*** Block opens ***

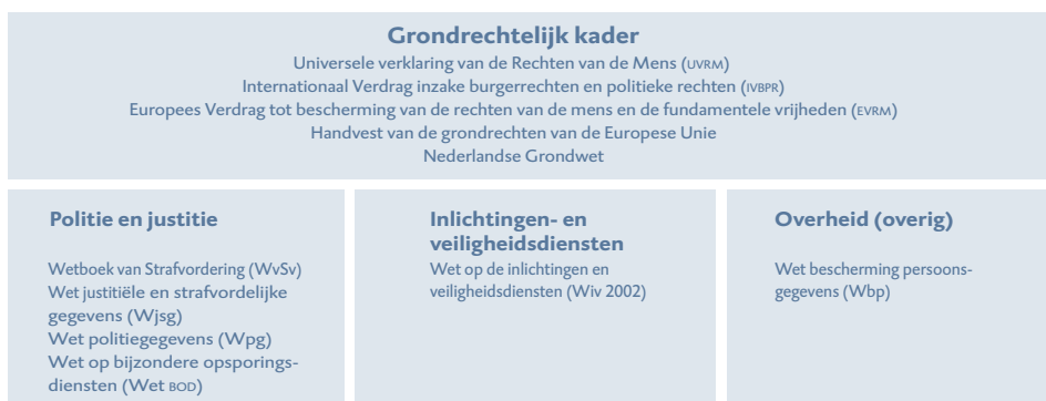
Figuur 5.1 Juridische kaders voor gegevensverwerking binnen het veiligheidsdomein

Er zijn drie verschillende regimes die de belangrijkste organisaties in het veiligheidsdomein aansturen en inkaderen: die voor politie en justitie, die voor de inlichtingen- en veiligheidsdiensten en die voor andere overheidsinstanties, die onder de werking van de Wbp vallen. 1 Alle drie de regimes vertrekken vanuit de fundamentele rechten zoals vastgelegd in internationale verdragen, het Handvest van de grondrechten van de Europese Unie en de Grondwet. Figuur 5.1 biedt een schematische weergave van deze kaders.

*** Block closes ***
*** Block opens ***

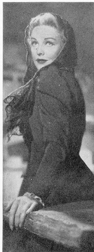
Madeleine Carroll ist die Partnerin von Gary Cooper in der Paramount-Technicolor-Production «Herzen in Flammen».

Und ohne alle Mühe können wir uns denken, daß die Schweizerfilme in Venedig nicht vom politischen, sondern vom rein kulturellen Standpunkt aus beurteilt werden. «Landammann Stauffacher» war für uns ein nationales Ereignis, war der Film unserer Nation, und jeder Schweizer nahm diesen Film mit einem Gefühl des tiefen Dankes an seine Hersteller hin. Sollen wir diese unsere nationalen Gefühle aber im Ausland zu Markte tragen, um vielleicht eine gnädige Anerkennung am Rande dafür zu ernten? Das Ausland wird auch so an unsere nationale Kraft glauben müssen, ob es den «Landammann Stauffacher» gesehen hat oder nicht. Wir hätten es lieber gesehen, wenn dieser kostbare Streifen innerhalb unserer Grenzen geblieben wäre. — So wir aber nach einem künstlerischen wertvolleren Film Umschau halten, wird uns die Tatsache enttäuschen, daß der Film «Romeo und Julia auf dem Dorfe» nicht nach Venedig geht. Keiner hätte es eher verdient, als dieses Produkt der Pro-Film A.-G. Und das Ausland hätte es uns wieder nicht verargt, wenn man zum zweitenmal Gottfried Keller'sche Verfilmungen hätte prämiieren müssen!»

*** Block closes ***

**Task to complete:** Starting at the line that has "Figuur 5.1 Juridische" in the records above, restate word for word every line until the one that has "Er zijn drie", and include that one as well.

**Solution to this exercise:**
Figuur 5.1 Juridische kaders voor gegevensverwerking binnen het veiligheidsdomein

Er zijn drie verschillende regimes die de belangrijkste organisaties in het veiligheidsdomein aansturen en inkaderen: die voor politie en justitie, die voor de inlichtingen- en veiligheidsdiensten en die voor andere overheidsinstanties, die onder de werking van de Wbp vallen. 1 Alle drie de regimes vertrekken vanuit de fundamentele rechten zoals vastgelegd in internationale verdragen, het Handvest van de grondrechten van de Europese Unie en de Grondwet. Figuur 5.1 biedt een schematische weergave van deze kaders.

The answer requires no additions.